Kingdoiru Bottom Yen stock price is rebound
Now, most certainly, the way to make the biggest profits is thought to be "selling yen / buying dollars," by many investors.
King Dollar Bottom Yen
- continuation of Japan's monetary easing
- aggressive rate hikes in the United States
- city lockdowns in China
- Russia/Ukraine war
Everyone was waiting for the Bank of Japan's monetary policy meeting to decide to keep monetary easing.
After confirming the diverging monetary policy direction with the United States moving toward higher rates, they all rushed to sell the yen at once.
The S&P 500 is virtually flat year-on-year. Investors are frustrated.
With corporate earnings solid, funds also flowed into stocks.
In particular, expectations for Meta Platforms (FB) were low, so the reaction was large when they turned.
U.S. real GDP contracted by 1.4% in Q1. In such times, one can conveniently interpret that the next FOMC will not see a rate hike exceeding 0.5%. At the same time, when you look at the GDP breakdown, the weakness was due to external demand and inventories, so stripping out net exports and inventories from GDP shows real domestic final demand at an annualized 2.6% growth from the previous quarter, improving from 1.7% growth in Oct-Dec last year.
Toyota's fiscal year 2021 (April 2021 - March 2022) production: overseas up 10.3% to 5,808,706 units, but domestic down 5.4% to 2,760,843 units. Domestic production was at the lowest level in 45 years since fiscal 1976 (about 2.58 million units). This is Japan's economy. (Even if Japan's economy is weak, Japanese companies now earn profits overseas.)

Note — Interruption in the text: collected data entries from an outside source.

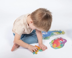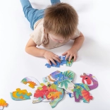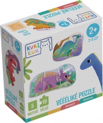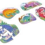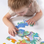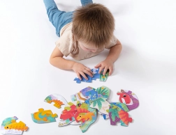 Každý dinosaurus tvorí samostatné puzzle so zjednodušeným tvarom. Deti si precvičia skladanie a pritom objavujú svet pravekých tvorov.
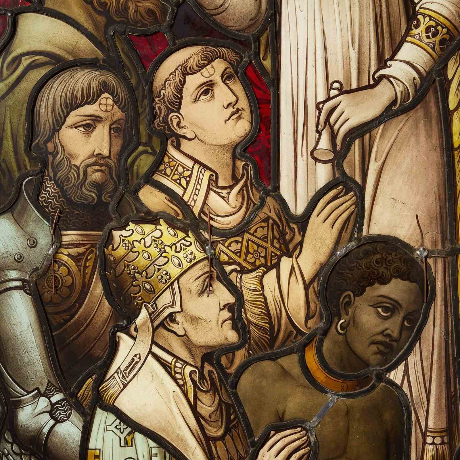 Competently painted, this dramatic stained glass window dates to 1889, once a part of an impressive larger window named ‘the Tree of Jesse Window’ reclaimed from the north transept of All Saints Emscote church, Warwick.
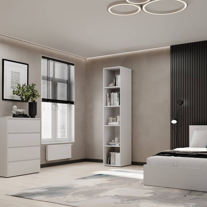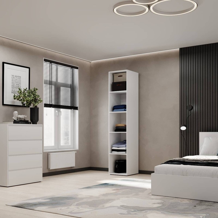 Пенал с полками открытый "Light" - стильное и практичное решение для организации пространства в вашем доме. Его открытый дизайн добавляет легкости интерьеру, а удобные полки обеспечивают комфортное хранение вещей. Основные характеристики: Габариты: 400x500x2200 мм - компактный пенал, который легко вписывается даже в небольшие помещения; Материалы: Высококачественное ламинированное ДСП, устойчивое к износу и царапинам. Кромка, открытые элементы — 1 мм ПВХ, остальные — 0,5 мм ПВХ; Внутреннее наполнение: Пять просторных открытых полок для хранения книг, декора или аксессуаров; Практичность и удобство: Пенал с полками открытый "Light" идеально подходит для комнат, где необходим быстрый доступ к вещам. Открытый формат создает ощущение пространства, гармонично дополняя интерьер. Отличный выбор для гостиной, офиса или детской комнаты. Поверхности пенала легко очищаются, сохраняя свежий вид на долгие годы. Выбирайте шкаф пенал "Light" для комфорта, элегантности и стиля, который органично впишется в ваше пространство!
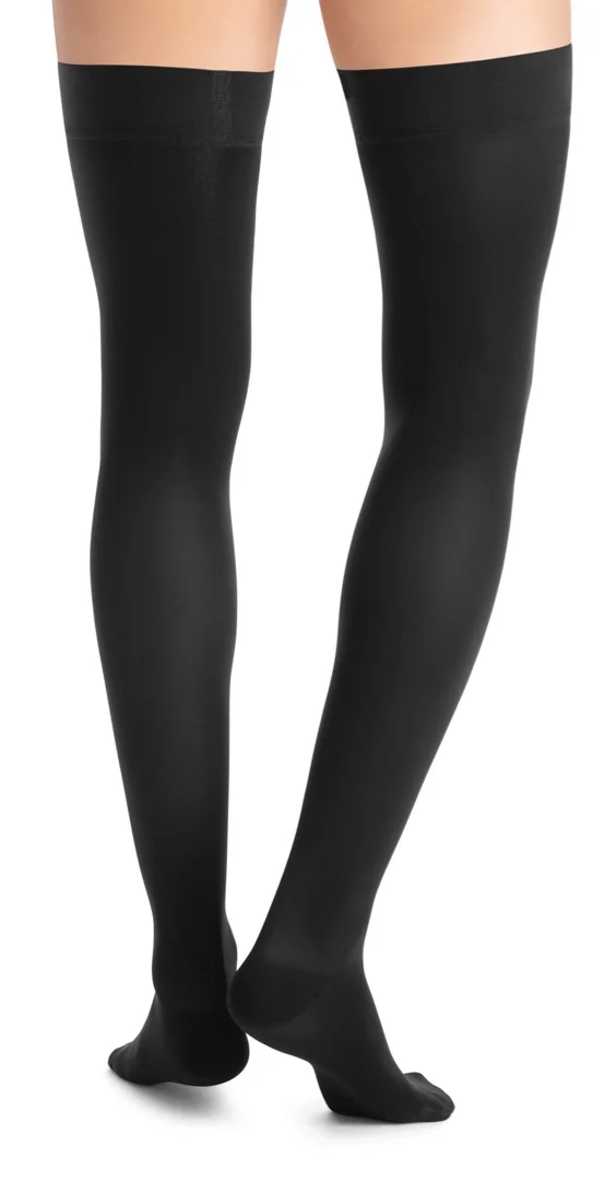 Průhledné prodyšné kompresní stehenní punčochy JOBST Ultra Sheer se špicí pro ženy se žilními problémy.
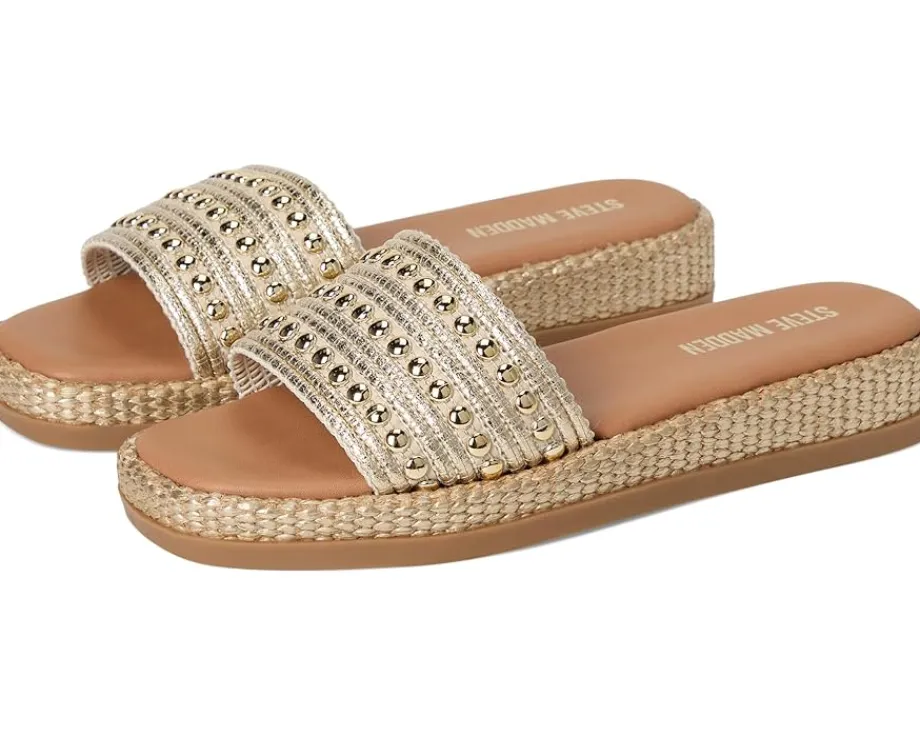 - The Steve Madden® Boardwalk sandals offer a comfortable slide design with a platform for added style. The open square toe adds a touch of sophistication. Perfect for any casual occasion, these slip-on sandals will elevate any outfit while keeping you comfortable all day. These come crafted with a cotton upper, synthetic rubber lining, and a comfortable rubber insole.
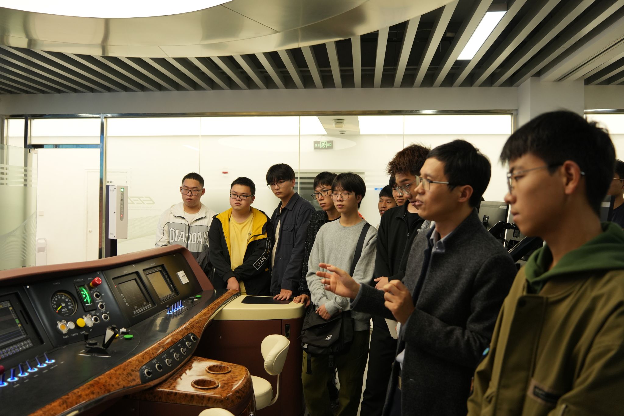 走进列车运行控制实验室,仿佛置身于轨道交通的“大脑“。伟德体育教授级高级工程师王青元在智慧大屏上为同学们展示了实时变动的列车客流分布情况,以及精准到秒的列车发车时间表。网络平台汇聚海量数据,通过智能分析,可以实现对列车运行的精准预测和协同管控。随后,同学们围绕着机车模拟驾驶台,认真观看王青元老师演示列车操控流程,近距离感受科技赋能带来的便捷与高效。

China's city lockdowns. Europe faces economic collapse due to the Russia/Ukraine war.
One thing is that the U.S. economy remains solid.
The problem is,
(1) concerns about global economic growth (inflation, COVID-19 pandemic & aftereffects, Russia/Ukraine war, supply chain concerns)
(2) whether U.S. monetary tightening will bring a recession, and if so, when?
However, regarding the United States, there are investors who think a recession will not occur.
There might be a scenario where a recovery demand from Ukraine appears at a time when the recession is about to start, supporting continued prosperity.
For Q1 real GDP in the United States, real domestic final demand excluding net exports and inventories grew at an annualized rate of 2.6%, up from 1.7% in Oct-Dec last year.
There may be some aspects where real figures appear suppressed by inflation. In fact, some view that real GDP is not as bad as it seems.